Developmental Social Cognitive Neuroscience

Developmental Social Cognitive Neuroscience PDF Author: Philip David Zelazo
Publisher: Psychology Press
ISBN: 1136647996
Category : Psychology
Languages : en
Pages : 368

Get Book

Book Description
This volume in the JPS Series is intended to help crystallize the emergence of a new field, "Developmental Social Cognitive Neuroscience," aimed at elucidating the neural correlates of the development of socio-emotional experience and behavior. No one any longer doubts that infants are born with a biologically based head start in accomplishing their important life tasks––genetic resources, if you will, that are exploited differently in different contexts.

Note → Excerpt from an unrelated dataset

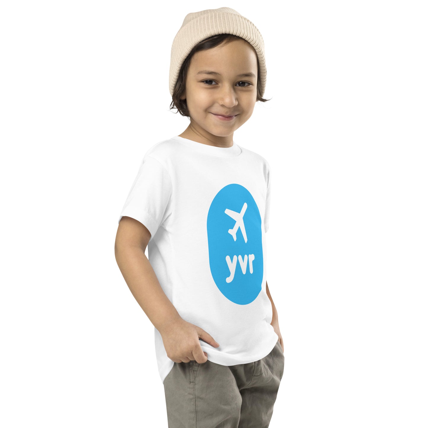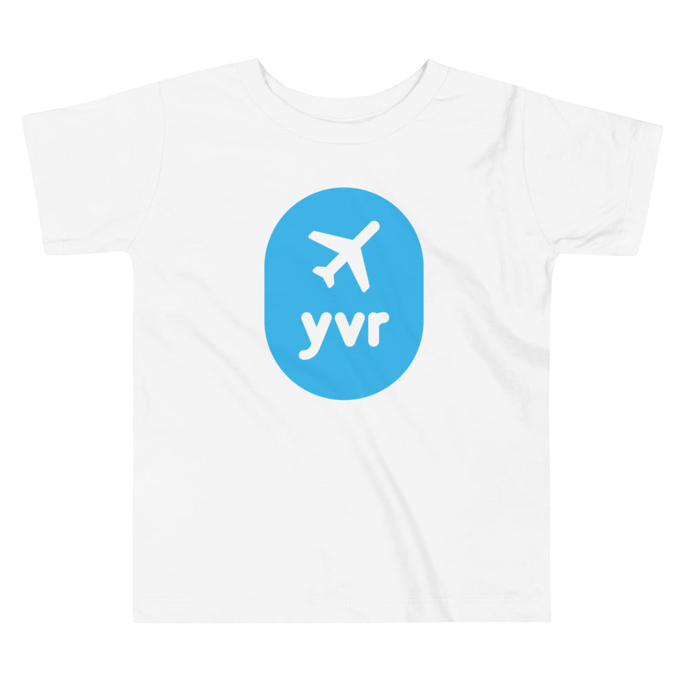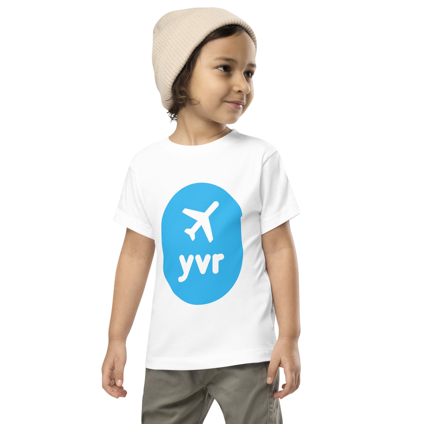 Set your toddler's imagination soaring with our toddler t-shirt featuring Vancouver, British Columbia's YVR airport code. Designed with a charming airplane window motif against a serene blue backdrop, this tee ignites dreams of adventure and exploration.

Nevertheless, it is also true that socially relevant neural functions develop slowly during childhood and that this development is owed to complex interactions among genes, social and cultural environments, and children’s own behavior. A key challenge lies in finding appropriate ways of describing these complex interactions and the way in which they unfold in real developmental time. This is the challenge that motivates research in developmental social cognitive neuroscience. The chapters in this book highlight the latest and best research in this emerging field, and they cover a range of topics, including the typical and atypical development of imitation, impulsivity, novelty seeking, risk taking, self and social awareness, emotion regulation, moral reasoning, and executive function. Also addressed are the potential limitations of a neuroscientific approach to the development of social cognition. Intended for researchers and advanced students in neuroscience and developmental, cognitive, and social psychology, this book is appropriate for graduate seminars and upper-level undergraduate courses on social cognitive neuroscience, developmental neuroscience, social development, and cognitive development.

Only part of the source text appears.